Ну да, собственно, это издание и разожгло весь нелепый сыр-бор, так что нужно о нём сказать. Володе с несомненным даром оформителя куда-то хотелось приложить свои силы. Вот и появился журнал с нетрадиционным таким названием «Белые тени». Издателем значился Вольдемар Крамер— так, на западный манер, повеличал себя Владимир. Гвоздем номера был фрагмент стенограммы суда над А. Синявским и Ю. Даниэлем. Володя записал ее на магнитофон с передачи Би-би-си. В конце номера броско, с размахом было представлено расписание работы этой радиостанции. Информация о предполагаемом нахождении нациста Бормана в Южной Америке проходила под заголовком «Жив, курилка!». Этим, пожалуй, криминал исчерпывался. Наши гуманитарные этажи листали произведение Крамера. Разные оно вызывало чувства, но никому не пришло в голову настучать. Проделал это какой-то политехник.
...К вечеру я был дома, а вот Володя домой не вернулся. «Задержан, арестован» — какие зловещие слова. И за что? Неужели за это? Ну, понятно, хулиганство, разбой, воровство. Нет, оказывается, и здесь тоже есть повод. И для этого есть статья. Под неё хотят подогнать Володю. И арест — лишь преддверие суда, на котором будет оглашён приговор и определена мера наказания.

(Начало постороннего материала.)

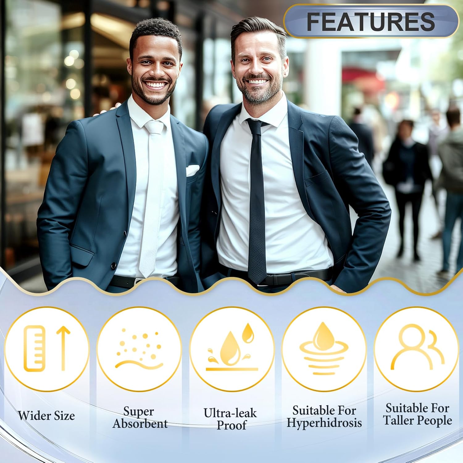 - Wider and Larger:Arme underarm sweat pads for men are specially designed for tall and hyperhidrosis people, bigger and more absorbent, better to take care of the wide underarms, will not leak sweat, ease all embarrassment. Each sweat pad for under arms measures 4.52“ x 3.93” x 5”

Из тех знакомых Володи, кто остался на свободе, особо грозные тучи зависли надо мной и сокурсником Володей Лосевым. Понятно почему. Мы — трое — были дружны, часто бывали у Крамера дома, хорошо знали, чем он занимается.
Вот так это излагалось в областной газете «Красное знамя»:
«Ну, а два его товарища-сокурсника — Владимир Лосев и Владимир Крюков? Они знали, чем занят друг, самовольно взявший на себя обязанности редактора и автора рукописного журнала. Они читали плоды «литературной» стряпни Крамаренко — мешанину порнографии, недомыслия и клеветы, заимствованной из передач Би-би-си и «Голоса Америки». Два студента могли остановить третьего, но не сделали этого. Хотя уголовное преследование в отношении Лосева и Крюкова прекращено (они проходили по делу Крамаренко лишь как свидетели), моральная вина и гражданская незрелость этих двоих доказаны вполне».
Оставлю на совести автора хлёсткую характеристику, припечатавшую людей, с которыми она даже и не разговаривала.
На допросах от нас добивались какого-то осуждения и покаяния. Осуждения «деяний» Крамаренко и покаяния, что не настучали в комитет ВЛКСМ, профком, деканат, органы. Хочу избегать громких слов, но есть же человеческие заповеди порядочности. Ну вот никто не внушал мне, что нехорошо доносить, что довольно гнусно навязывать свои убеждения другому и что нет ничего постыдного, если твое мнение не совпадает с мнением большинства. Но именно эти моменты и обернулись против нас. Слава богу, несмотря на всю нашу инфантильность и некоторый страх, внушенный органами, нам не пришло в голову каяться и наговаривать на себя. Мы признали знакомство с творениями товарища, но никак не хотели величать их антисоветскими, состоящими из клеветнических измышлений. Нас спрашивали, знакомы ли мы с таким страшным кощунством, как соединение на звуковой пластинке фрагментов речи Ленина и интермедии Райкина. Знакомы. Смешно. Может быть, несколько рискованно.